Grid Based Simulations
A general technique in simulation of physical systems modeled by partial differential equations is through the use of the so-called grid-based methodology. In such techniques, the required physical quantities of interest are computed only at the nodes of a spatial grid and the state of the system is updated at regular discrete time intervals. However, computer simulations of many important complex physical systems have reached a barrier as existing techniques are ill equipped to deal with the multi-physics, multi-scale nature of such systems. Accordingly, we are developing new simulation techniques to address the emerging modeling requirements of today's world.

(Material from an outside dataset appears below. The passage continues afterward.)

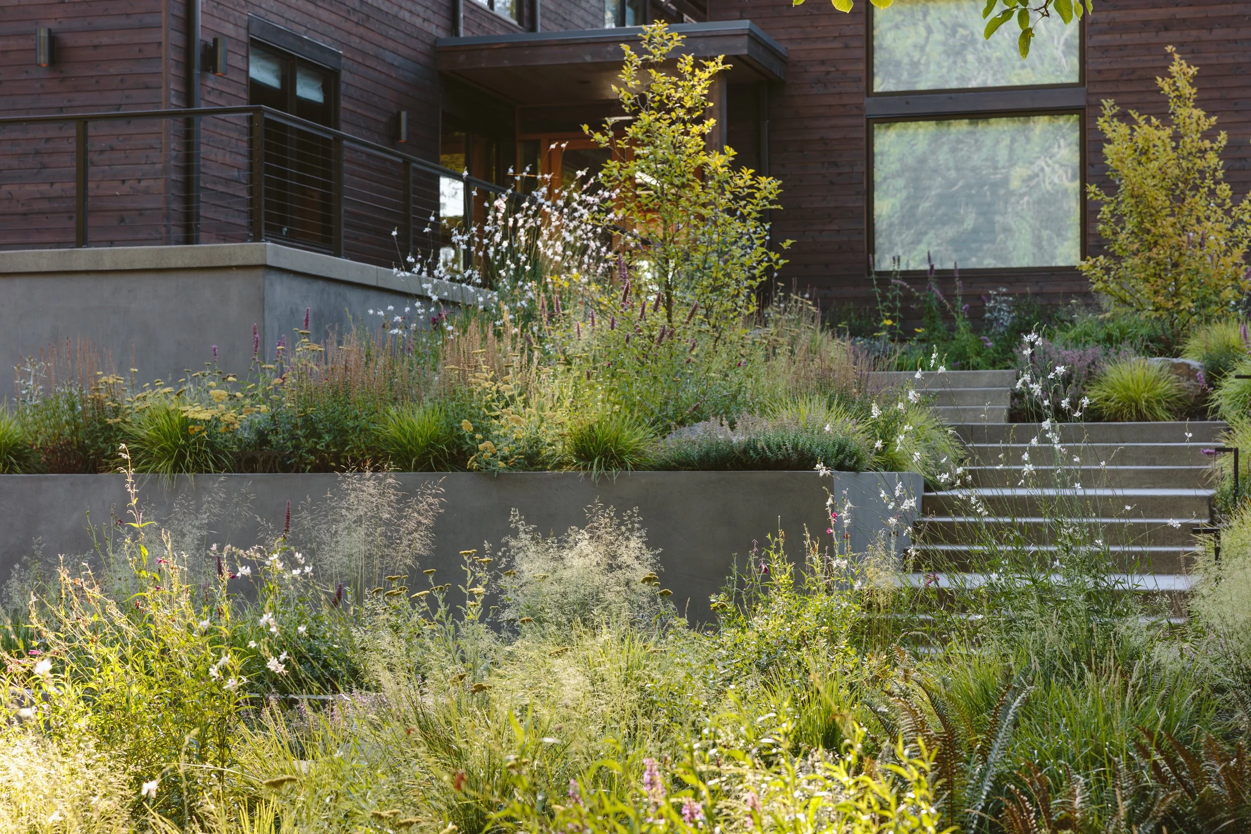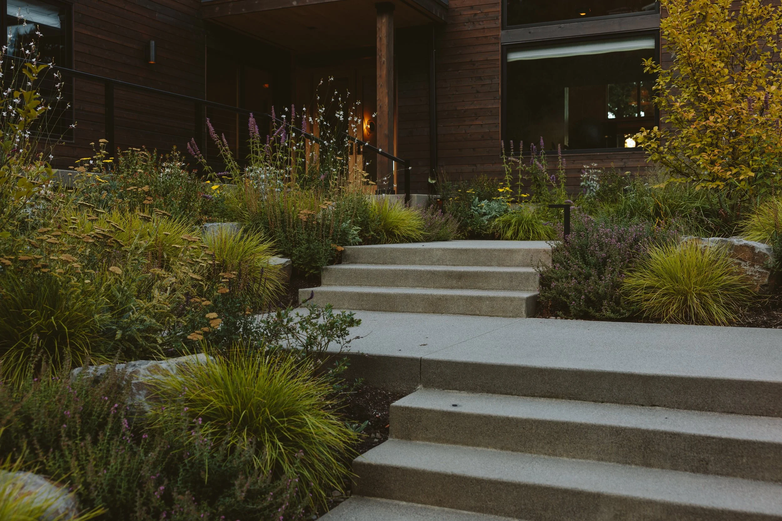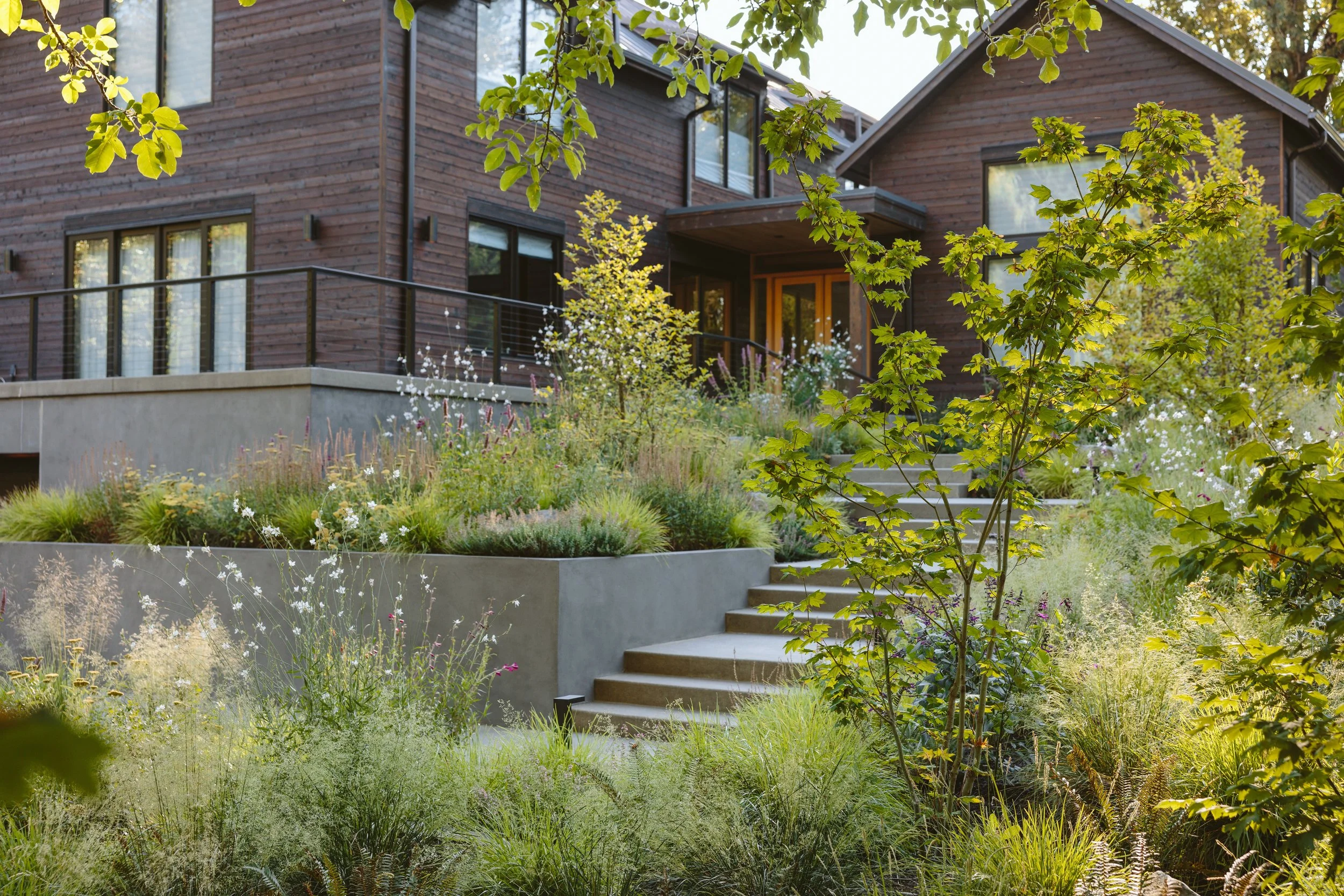 Leading up to the main entry of the house, a series of elegant, sand-finished concrete stairs and walls are flanked by a profusion of ornamental grasses and vibrant perennials, with a multi-colored array of blooms and textures that provide interest throughout the seasons, creating an exceptional experience on the way to the upper yard.

Our technology development has already enabled new advances in propulsion, space physics among others, and can be cast into two classes: (i) time-driven simulations, and (ii) discrete-event simulations.





Propulsion
To overcome today's space transportation challenges - routine economical access to space and short trip times throughout the solar system - new propulsion systems need to be conceived and developed. The technologies in use today are both expensive and slow. The cost of launching payloads from the Earth is very high ($44,000 / kg) and consumes about one third of NASA's annual budget. Equally problematical is the slow speed of chemical thrusters (5 km/s) that poses a major obstacle to exploration of the solar system. As space colonization gets closer to reality, the need for a transportation system on these unique environments also becomes more critical. Clearly the advent of a general-purpose transportation system that simultaneously addresses such diverse transportation needs would be highly desirable. We have conceived several concepts that are in phase I feasibility study. One such concept uses the electric field in the solar wind to power the spacecraft.





Data Mining
Data mining is sorting through data to identify patterns and establish relationships. Advances in technology has led to an unprecedented ability to collect and store data. Data comes in a variety of forms and formats such as textual content of web pages on the internet, or the radio waves from distant galaxies. As a result, we now live in a data-centric world and the ability to extract useful information from data has never been more critical. We are working on developing technologies in image/data preparation, intelligent agents and use of discrete event methodology to derive dependencies and evolutionary rules.